# I wanaa find freemason in united arab Emirats plz



## Majid199 (Jan 18, 2017)

I wanaa join to freemason iam just wanaa be part of this plz 


Sent from my iPhone using My Freemasonry


----------



## Brother JC (Jan 18, 2017)

You will have to seek locally. I know of no one on this forum that is in your area.


----------



## Majid199 (Jan 18, 2017)

Brother JC said:


> You will have to seek locally. I know of no one on this forum that is in your area.



 Me too i cant find location 


Sent from my iPhone using My Freemasonry


----------



## Bloke (Jan 19, 2017)

Majid199 said:


> Me too i cant find location
> 
> 
> Sent from my iPhone using My Freemasonry



We're not aware of lodges operating in the UAE - its been asked many times here... you need to go to another country to become a Freemason.


----------



## Majid199 (Jan 19, 2017)

Bloke said:


> We're not aware of lodges operating in the UAE - its been asked many times here... you need to go to another country to become a Freemason.
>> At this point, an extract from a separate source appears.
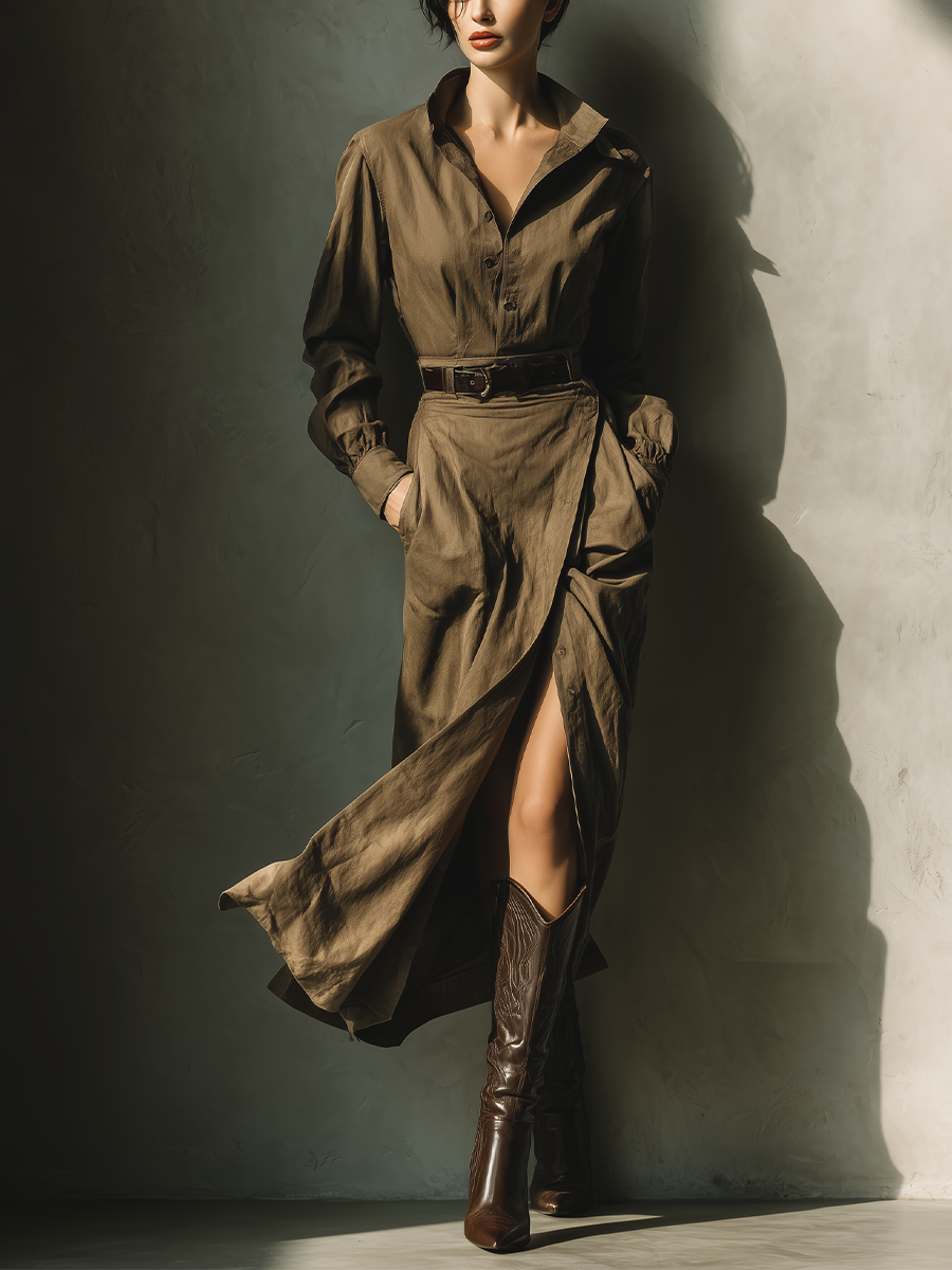 Women's Khaki Brown Cotton Linen Dress With A Lapel Collar, Fitted Waist, And Slit MDA2934K3T

I wanaa travel but iam 18 i cant live in another country in my self just wanaa hand help


Sent from my iPhone using My Freemasonry


----------



## CLewey44 (Jan 19, 2017)

Majid199 said:


> I wanaa join to freemason iam just wanaa be part of this plz
> 
> 
> Sent from my iPhone using My Freemasonry



You may have to travel outside of UAE. I know Lebanon has some. Israel and Turkey too. Not that close but about as close as you'll find in that region.  Jordan possibly.


----------